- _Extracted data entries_
☆ ☆ ☆ ☆ ☆

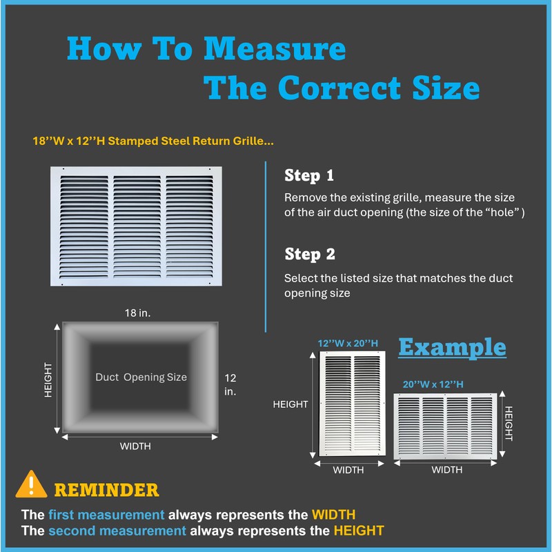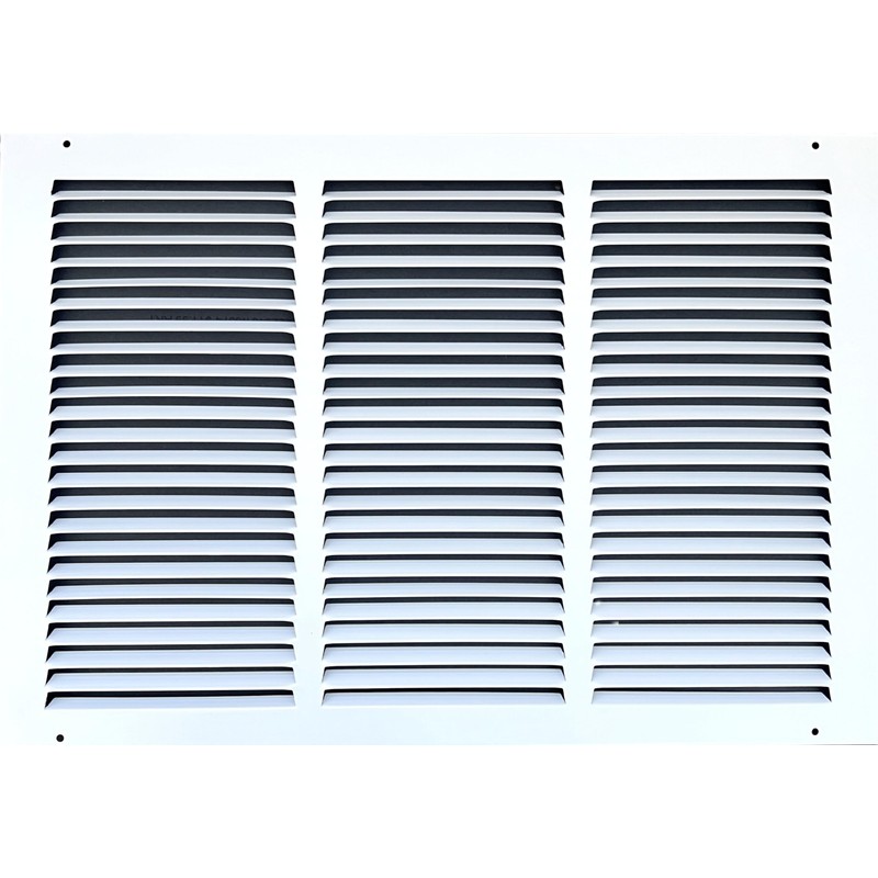 Fits 18x12 Duct Opening Stamped Steel Return Air Grille Vent Cover Grille for Sidewall and Ceiling in White Surface Dimensions: 19.75"W X 13.75"H (18" W x 12" H Duct Opening)
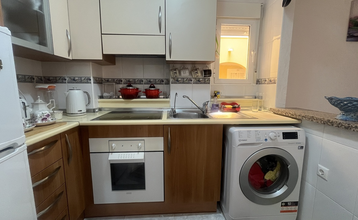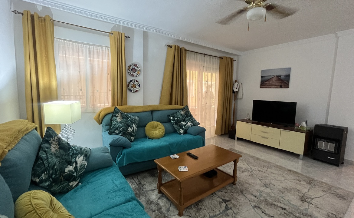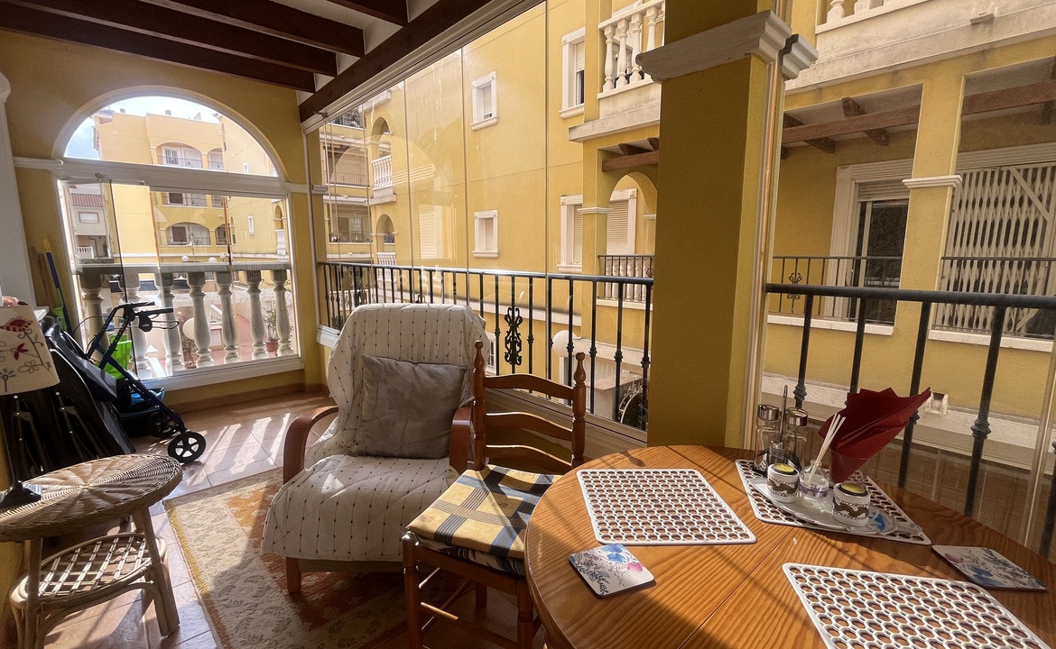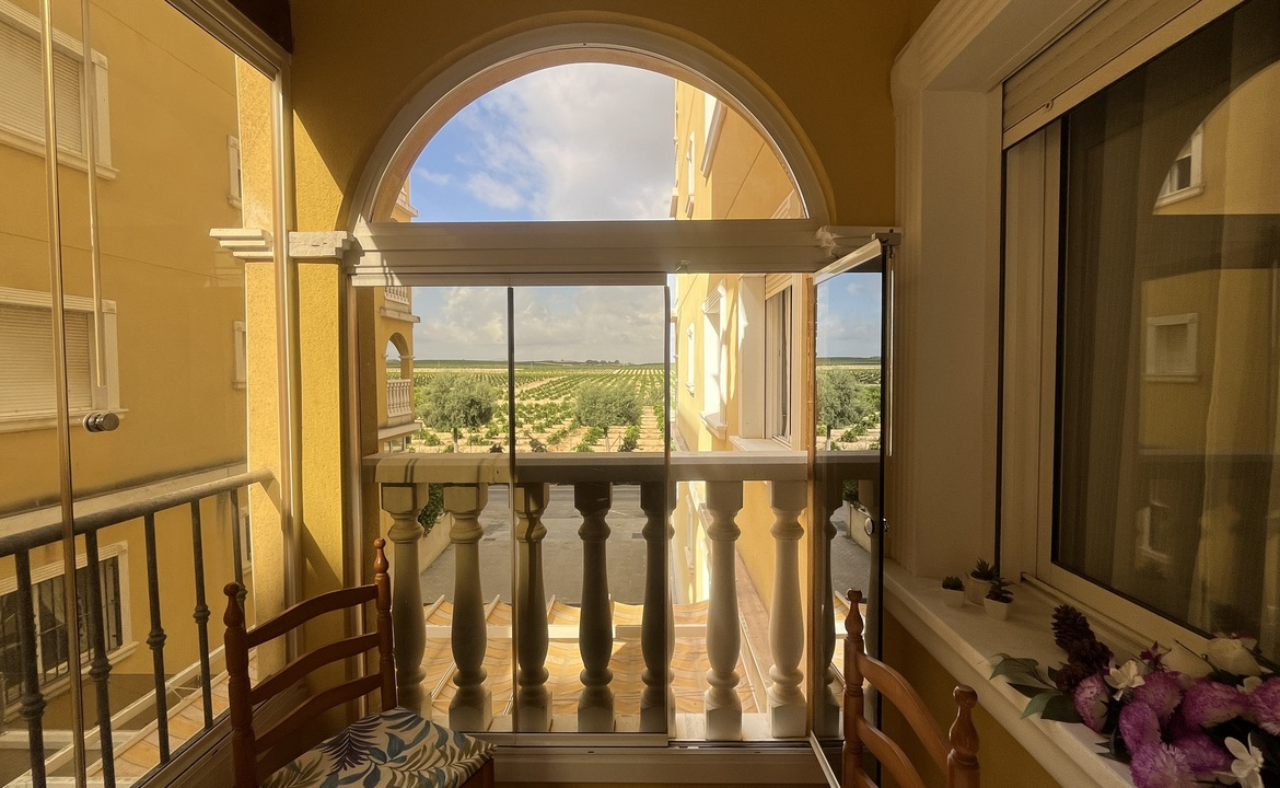 This well-presented 2 bedroom, 1 bathroom apartment is perfectly located in the sought-after Fontana 1 complex in Algorfa, just a short walk to local shops, bars, restaurants, and all village amenities.Situated in a block with a lift for easy access, the apartment boasts plenty of natural light thanks to its many windows and a glazed-in balcony that slides open, ideal for enjoying the sunshine year-round.Inside, you’ll find a spacious living and dining area, a separate kitchen with a window, a bathroom with natural ventilation, and two double bedrooms, making it a comfortable home for permanent living, holidays, or investment.The property’s central location and practical layout make it an excellent opportunity in Algorfa.Alicante airport is under a 40 min drive.The award winning blue flag beach of Guardamar is under a 15 min drive.La finca golf ressort under a 5 min drive.
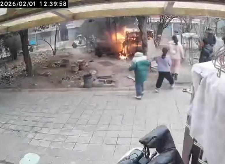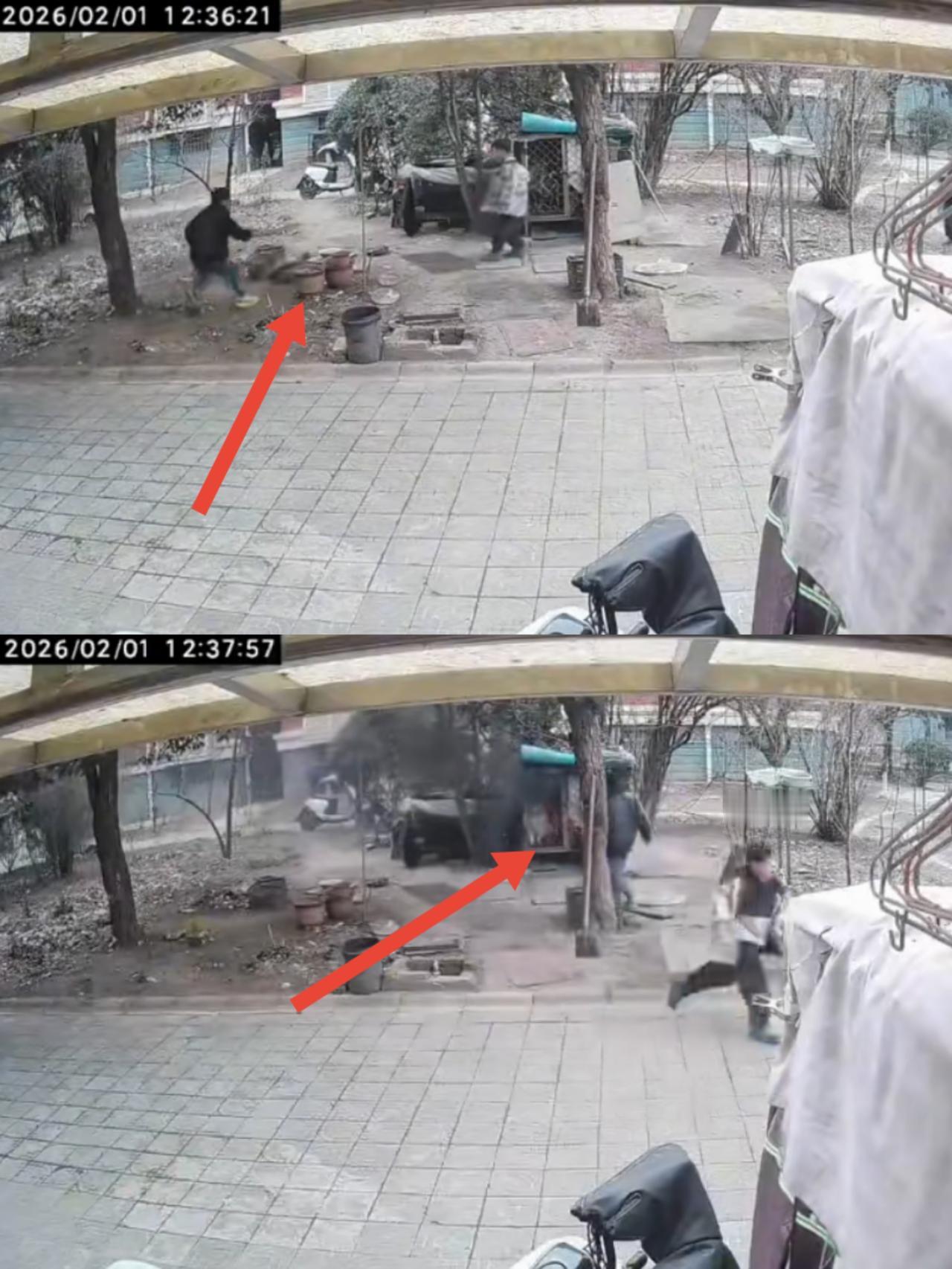 有点残忍!不建议看原监控视频! 2月2日,事发江苏连云港一小区,两男孩玩火故意扔
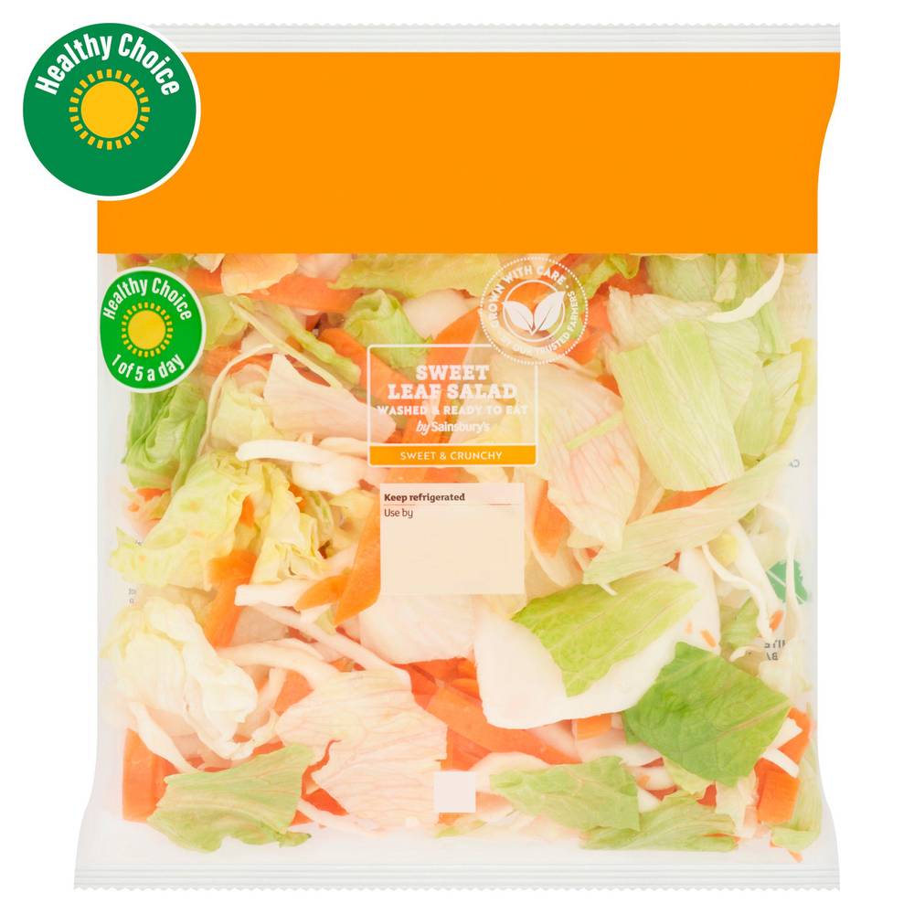 Salad is a combination of mixed salad leaves, carrot, and cabbage. It offers a sweet and crunchy taste profile and comes pre-washed, ready for consumption. Sainsbury's Supermarkets Ltd, London, EC1N 2HT.
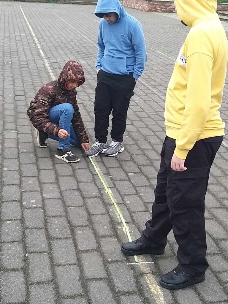 Activité extérieure avec les élèves de 1 et 2 diff pour approfondir la notion de surface.
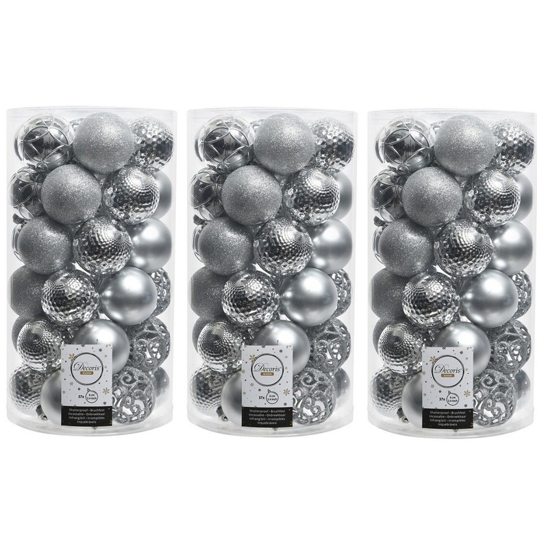 111x Zilveren kerstballen 6 cm kunststof mix. Set van 111x zilveren onbreekbare kerstballen met zilveren ophanglintjes. De set bevat 21x glanzende, 18x matte, 18x glitter, 18x open glitter, 18x glanzende golf en 18x glanzende cirkel kerstballen. Kerst versiering/decoratie voor het optuigen van uw kerstboom. Onze kerstballen worden standaard geleverd met ophangdraadjes maar wij adviseren u om onze kerstbalhaakjes mee te bestellen (niet inbegrepen). Materiaal: kunststof/plastic. Formaat diameter: 6 cm. Kleur: zilver. Serie: Christmas Silver. U ontvangt 3 verpakkingen van 37 stuks.

☆ ☆ ☆ ☆ ☆

Look above for the line with "Salad is a combination"; quote it and every line after it, stopping after the line with "Activité extérieure avec", exactly, with nothing added and without pictures.

 Salad is a combination of mixed salad leaves, carrot, and cabbage. It offers a sweet and crunchy taste profile and comes pre-washed, ready for consumption. Sainsbury's Supermarkets Ltd, London, EC1N 2HT.
 Activité extérieure avec les élèves de 1 et 2 diff pour approfondir la notion de surface.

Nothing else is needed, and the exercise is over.